"Gilets jaunes" : quelle réponse politique le gouvernement doit-il apporter au mouvement ?

Emmanuel Macron doit s'exprimer en début de semaine, au lendemain de l'acte IV de la mobilisation des "gilets jaunes".

Emmanuel Macron, au lendemain de l\'acte III de la mobilisation des \"gilets jaunes\", le 2 décembre 2018, à côté de l\'Arc de Triomphe à Paris.
Emmanuel Macron, au lendemain de l'acte III de la mobilisation des "gilets jaunes", le 2 décembre 2018, à côté de l'Arc de Triomphe à Paris. (GEOFFROY VAN DER HASSELT / AFP)

25 000 manifestants dans toute la France, dont 10 000 à Paris : la nouvelle journée de manifestations des "gilets jaunes" a donné lieu à des dégradations et des affrontements avec les forces de l'ordre, mais le niveau de violence redouté par le gouvernement n'a pas été atteint. L'exécutif doit maintenant apporter une réponse politique au mouvement. Le chef de l'Etat doit s'exprimer en début de semaine. Le gouvernement veut croire que la tension est en train de baisser dans le pays.

La communication gouvernementale était clairement axée, ces derniers jours, sur les enjeux sécuritaires de ce 8 décembre : comment prévenir les actions violentes de groupes qui viennent à Paris pour "casser et tuer", disait l'Elysée. Cette journée passée, le ministère de l'Intérieur et le Premier ministre se félicitent du dispositif et de la stratégie de maintien de l'ordre qu'ils ont choisi et Édouard Philippe espère que c'est une nouvelle phase du conflit qui commence.

"La réponse sécuritaire ne suffit plus"

"L'abandon des hausses de taxes a porté ses fruits et fait baisser la tension dans le pays", veut croire un conseiller de Matignon. Une séquence plus apaisée et plus propice au dialogue, avec les responsables politiques et les syndicats, que le Premier ministre a remercié pour leurs appels au calme, mais aussi et surtout avec les "gilets jaunes". "La réponse sécuritaire ne suffit plus", reconnaît un proche d'Édouard Philippe, "ce ne sont pas les forces de l'ordre qui apporteront les solutions aux 'gilets jaunes', c'est le politique". Et plus précisément Emmanuel Macron, qui doit s'exprimer en début de semaine.

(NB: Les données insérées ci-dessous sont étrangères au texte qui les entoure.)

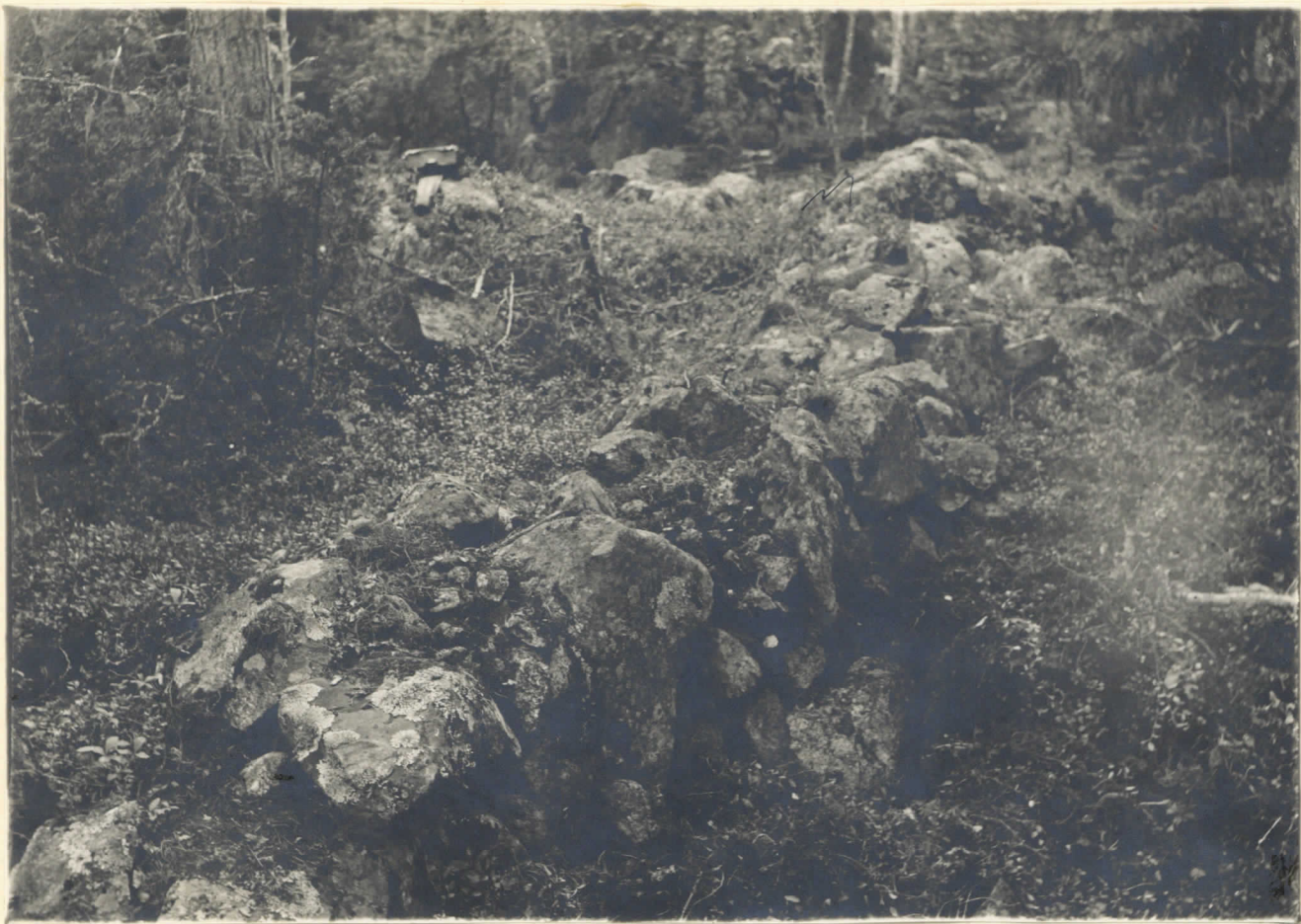
Pl. nr 6063
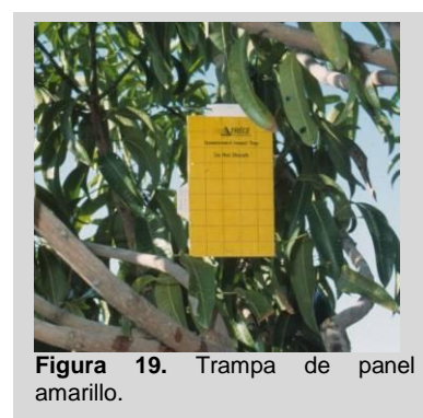
Figura 19. Trampa de panel amarillo.

La trampa de panel amarillo (YP) consiste en una lámina rectangular de color amarillo (23 cm x 14 cm) recubierta de plástico (Figura 19). El rectángulo está cubierto por ambos lados con una capa delgada de material pegajoso. La trampa Rebell es una trampa tridimensional de tipo YP con dos láminas rectangulares de color amarillo cruzadas (15 cm x 20 cm) elaboradas de plástico (polipropileno), por lo cual es extremadamente durable (Figura 20). La trampa también está cubierta con una capa delgada de material pegajoso en ambos lados de ambas láminas. Un gancho de alambre, colocado en la parte superior del cuerpo de la trampa, se utiliza para colgarla de las ramas de los árboles.
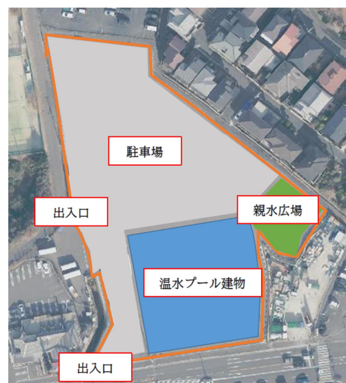
図：イメージパースおよび施設配置図等
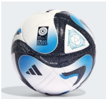
Imagem de referência:

Objetivos: Réplica de bola utilizada no início dos anos 2020. Essa bola tem como premissa a cola e as cores em base de água, o fechamento da câmara interna de ar com válvula externa para enchimento e o revestimento da bola em poliuretano. A instalação da obra estará em uma mesa apropriada para tanto, com uma cavidade circular de encaixe para fixação com 13 cm de diâmetro. A diferença deve estar na composição material do couro e na câmara interna de ar, já de borracha.
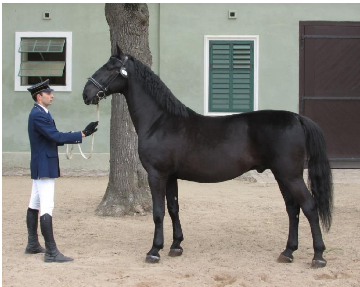
Obr. 6: Zástupce linie Sacramoso 2312 SACRAMOSO ROMY XVIII

(Dostupné z: http://www.hrebcinec-tlumacov.cz/kun/51 , datum citace 23.2.2017).
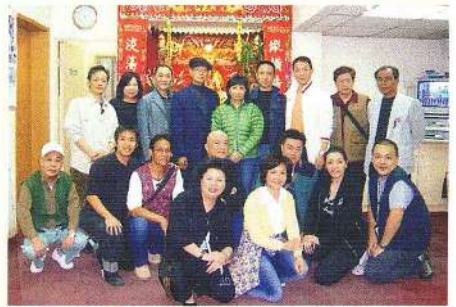
主席與理事出席為華光落地賀壽。
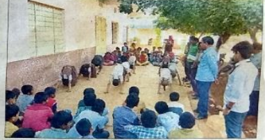
యోగాసనాలు నేర్చుతున్న గురుకులం విద్యార్థులు

Pour l'instant, il garde le silence, et c'est Édouard Philippe qui s'est démultiplié pour tenter de répondre à la crise à l'Assemblée, au Sénat, sur les plateaux télévisés et en réunions à Matignon. Pourtant c'est bien le chef de l'État la cible principale des Français en colère, c'est lui qui cristallise les frustrations et les mécontentements, sa prise de parole sera déterminante, et le chef du gouvernement en a lui-même posé les enjeux samedi soir.

Il appartiendra [à Emmanuel Macron] de proposer les mesures qui viendront nourrir ce dialogue, et qui permettront, je l'espère, à l'ensemble de la nation française de se retrouver et d'être à la hauteur des enjeux qui sont déjà là et qui vont continuer à se poser dans les années qui viennentÉdouard Philippeà franceinfo

Opposition comme manifestants veulent du "sonnant et du trébuchant"

"La parole du Premier ministre n'a rien à voir avec celle du président de la République", rappelle-t-on à Matignon, "c'est elle qui sera prépondérante dans la résolution de la crise". Alors quelles solutions compte-t-il apporter ? À l'Élysée, on assure que rien n'est arrêté, mais que ces propositions seront le fruit des consultations menées toute cette semaine au palais présidentiel.

Les oppositions comme les manifestants réclament "du sonnant et du trébuchant" pour reprendre les mots du secrétaire national du parti communiste Fabien Roussel. Emmanuel Macron a rendez-vous avec les Français. Le 27 novembre, son dernier discours avait contribué à tendre encore plus la situation, cette fois, il ne doit pas se rater.